An Opera Donald Trump Could Love

ANGELA GHEORGIU AND THOMAS HAMPSON IN LA TRAVIATA. PHOTO BY BRENT NESS

 

 

If one celebrity were to make an appearance at last night’s production of “La Traviata,” it might as well be Donald Trump. First produced in 1853, Verdi’s bombastic tale of love- versus-family honor was directed by Italian director Franco Zeffirelli, a man not noted for his minimalism. The production is, in a word (or, appropriately, three words for one): over the top. Not in the marginalized language camp way, and certainly not with kitsch knowingness, but with a big confidence in grandeur, physicality, and embellishment. Verdi’s music, which picks up genre music like flamenco and rhapsody and synthesizes it into giant arias, is a force of nature with no regard for political correctness.

Angela Gheorghiu plays Violetta, the consumptive courtesan who makes herself a martyr when the father of the man she loves indicates her checkered past is coming it the way of the family’s future. She came on stage unsteadily, but by the end of the first act she pulled up her flirty, giddy voice, seemingly by the force of her dramatic pantomime. Then, at the end of the first act, she gave a curtsy in her corset, like a true diva. As Alfredo, Violetta’s naïve lover, the tenor James Valenti is sensitive, with a voice big enough to carry him through most of the part. The high point of the production is the tripartite persuasion scene at the beginning of the second act. Thomas Hampson is Germont, the father figure stubbornly, but not quite menacingly, stuck in the past, and he cajoles the younger woman into leaving his son with richness and depth. When Alfredo returns prematurely and meets Violetta, we get the height of the singer’s native abilities—her flimsy, all-over-the-place hysterics and his Harvard boy opacity. They come together like two parts of an oblivious, ill-fated eternity.

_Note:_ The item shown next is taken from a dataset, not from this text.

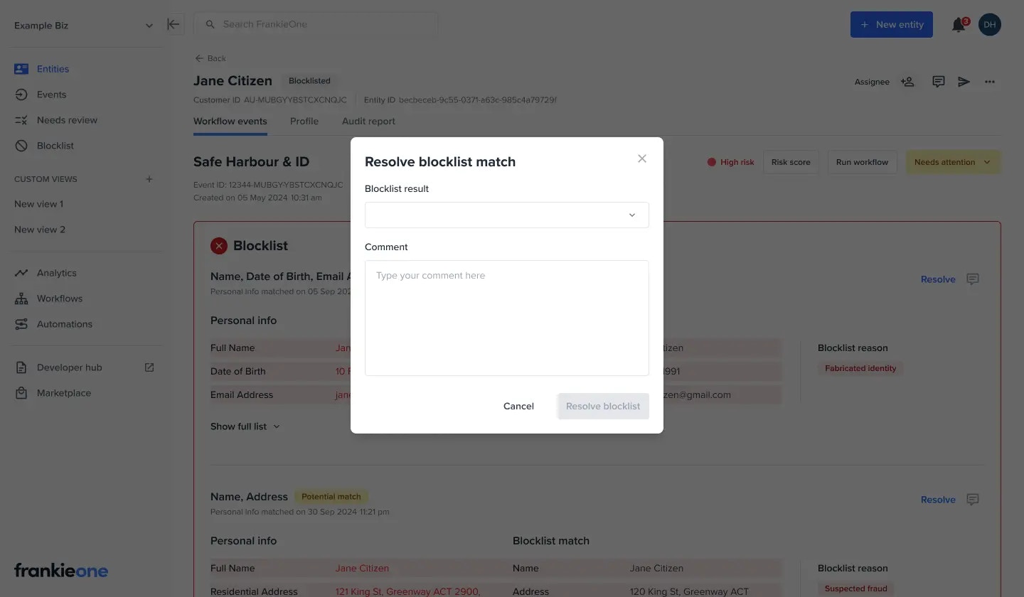 If a potential blocklist match has been found, the blocklist check indicator turns red and user action is required to either confirm or remove the potential blocklist match.- Review the Match: The system displays both the incoming applicant’s information and the blocklisted profile side by side in the FrankieOne portal. These matches are initially indicated as Potential match.
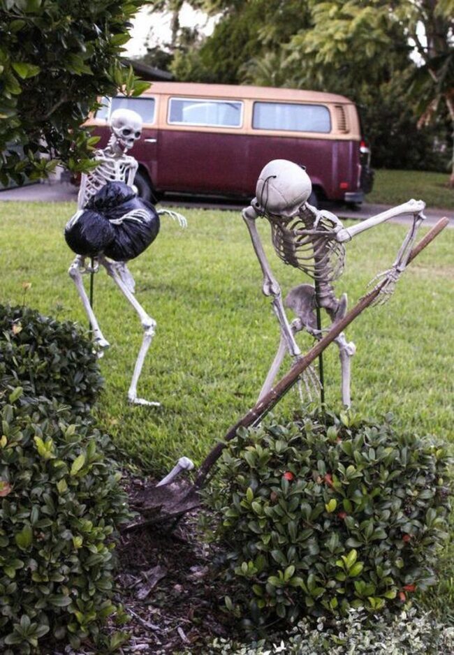 Nearby, another skeleton casually works an old wooden shovel among lush green bushes, adding delightful storytelling elements to your outdoor space.

And eternity is what their voices had to compete with, or at least huge, Nineteenth Century period rooms designed by Zeffirelli, and, at the end of the big Spanish dance scene, glitter. The sets are immersive and show-offy and tasteful all at once. Donald Trump could learn something about interiors, perhaps, but he matches Zeffirelli in his crusade against small gestures.